I kept knocking on doors:
Krónan. On paper at takeover, we owed them 8–9 million kr. I proposed we produce for Krónan at cost, let them keep all our margins to pay down the debt, and finally get Junkyard into their stores for the long run. Once again, I got rejected. Then the number inflated to around 16 million kr—no documentation I saw to justify it. In accounting, losses can be moved around for a benefit. You get the idea... I did not at a time.

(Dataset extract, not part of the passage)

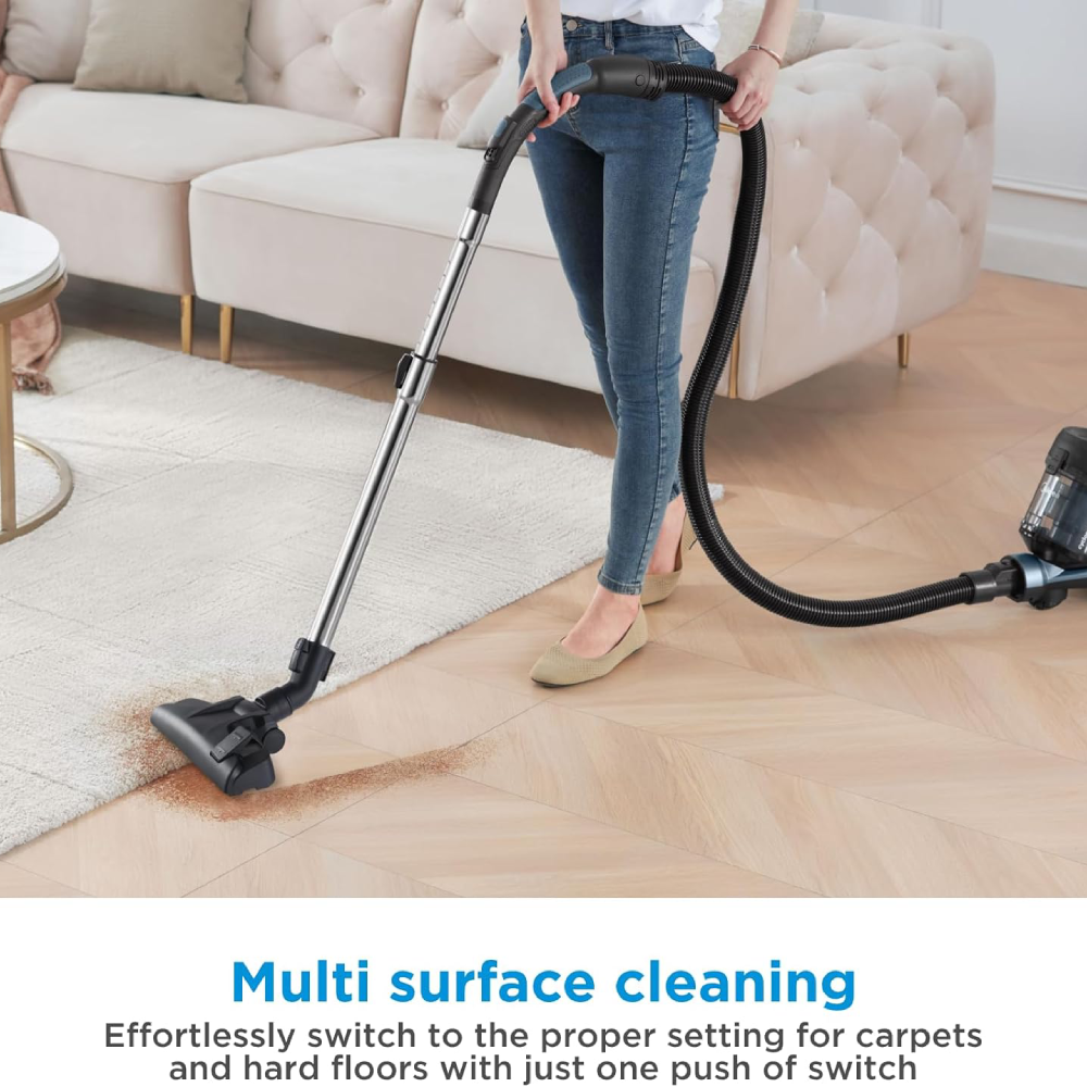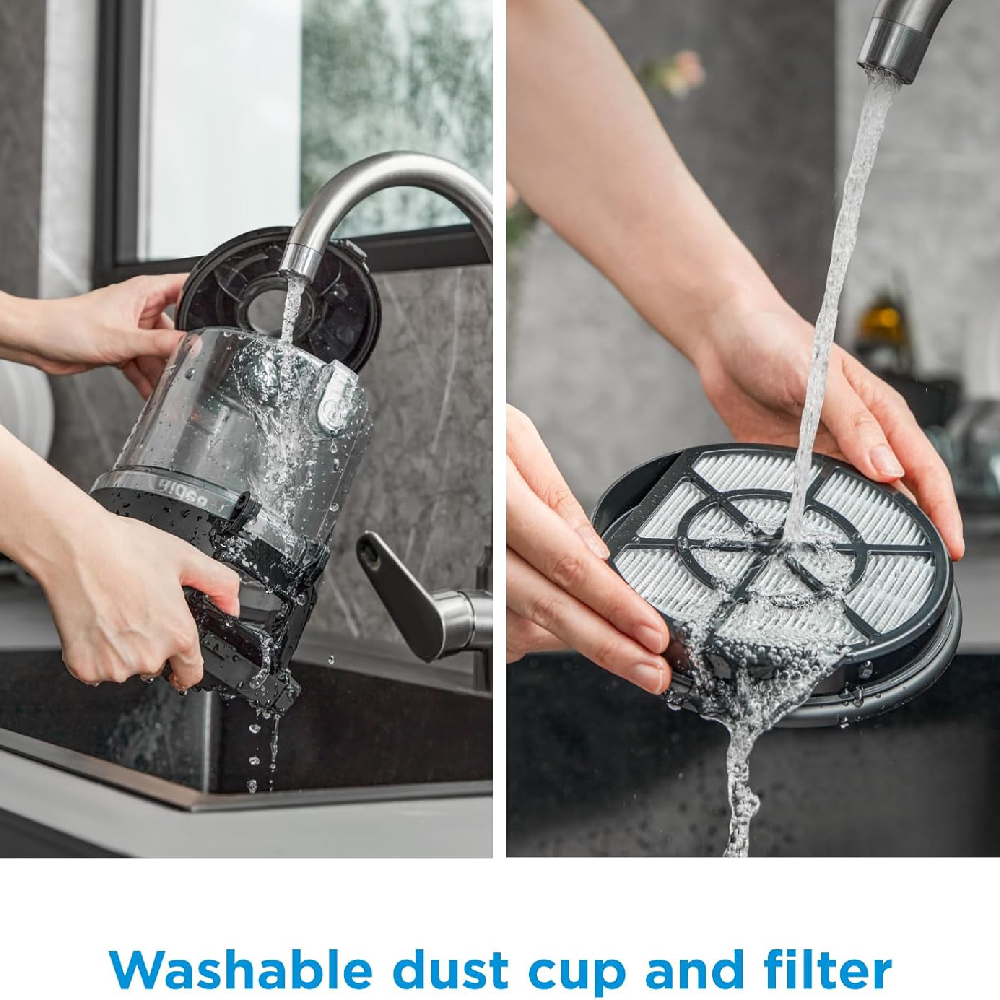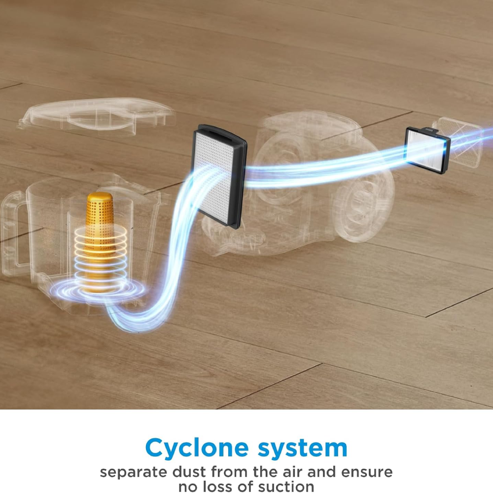 فلتر HEPA , لف الكابل تلقائيًا، صغير الحجم وخفيف الوزن لسهولة الحمل، سلة مهملات كبيرة، أداتان صغيرتان (مجرفة دائرية ,فوهة الشقوق)، سلة مهملات قابلة للغسل، نظام إعصار |

By late summer the walls were closing in. September was coming. With the rent hike, we were done.
We closed.
One last swing
The subscription system was finally ready—but too late. With a few products and some equipment left, we tried Kólaportið for a last shot. The backlash was immediate. Friends and family of the previous owners shouted online: “YOU MUST PAY WHAT YOU OWE.” It felt like some people were happy to watch it die and furious to see it try to live.
By then, I was finished—burned out, empty, depressed. I started to run from it. Tried to sell fast so maybe the idea could live without me. What followed became an opportunity for someone else to grab what value remained—and a pool of lies, manipulation, and deceit. At that point, I had nothing left to fight with.
That’s how Vegan Búðin went down. Not for lack of love, ideas, or community need—but under the weight of inherited debt, shifting supply-chain loyalties (Garri/Livekindly/OJK/Oumph), surprise payroll liabilities, a 300% rent hike, inflated claims, and online attacks that kicked us while we were already on our knees.
I tried to save it. I failed. I still believe in the mission: business can change lives—for people, animals, and the planet. Maybe one day something better rises from these ashes.